Człowiek tupnął nogą i zawołał:
— A więc umieraj. Mam i tak twoje pieniądze. Jeśli w Italii nie uznają we mnie twego spadkobiercy, będę mógł korzystać z majątku twego w innym kraju. Żegnaj dobry ojcze, który nie zawahałeś się przed rzuceniem swego syna na pastwę ulicy...
— Czyż mało dawałem ci pieniędzy, bastardzie? Czemuż trwoniłeś je na hulanki wraz z niegodnymi towarzyszkami? Czemuż doprowadziłeś do tego, przestępco i fałszerzu, że musiałem cię wyrzucić z domu przez służbę?

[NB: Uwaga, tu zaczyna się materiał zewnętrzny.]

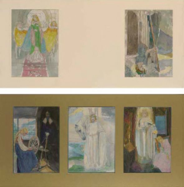 | Senta spinning; Parsifal; Lohengrin and Elsa (recto); Brünnhilde; Elsa on her way to the Cathedral (verso) | |

— Jesteś w mej władzy — rzekł — Umrzesz smażony na powolnym ogniu. Czy widzisz ten zegar czy widzisz nóż, który tkwi między jego wskazówkami?
Zbliżył się do ściany i pociągnął za łańcuch, do którego był przymocowany ciężarek. Nóż począł posuwać się z góry na dół. Umieszczony był tuż nad piersią więźnia. Starzec spojrzał obojętnie na sufit.
— Tak — odparł — Gdym tylko ujrzał ten nóż, pomyślałem sobie odrazu, że jest to pewno nowy twój wynalazek.
— Jeślibyś jakimkolwiek cudem uniknął noża, ściany same zbliżyłyby się do siebie i zgniotły cię swoim ciężarem. Jeślibyś wołał śmierć inną, podłoga może uchylić się pod twymi stopami i wówczas znajdziesz śmierć w rwącym potoku, który przepływa pod tymi podziemiami.
— Dziękuję — odparł więzień — Jeden rodzaj śmierci wystarczy mi w zupełności. Jeśli przekleństwo moje ma jakąś moc, chciałbym, aby spełniło się ono jaknajprędzej. Idź do piekła przeklęty!
— Opowiedz to lepiej małym dzieciom — odparł zamaskowany człowiek, pokrywając śmiechem swój niepokój. Był on bowiem przesądny, jak każdy Sycylijczyk. Jeśli to może przynieść ci ulgę, wiedz, że wkrótce spotkasz się ze swym kochanym Luigi. Ja zaś zostanę i tak twym dziedzicem, jakkolwiek odmówiłeś podpisania testamentu. Żegnaj.
Święci będą czuwać nad życiem mego ukochanego syna!
Łotr roześmiał się.
— A nie nudź się zbytnio w mej nieobecności, ojczulku. Masz jeszcze dziesięć minut życia. Gdy wskazówka zegara stanie na dwunastej, nóż opuści się całkowicie i pogrąży się w twym sercu! Adio!
Cezare z trzaskiem zamknął za sobą ciężkie drzwi.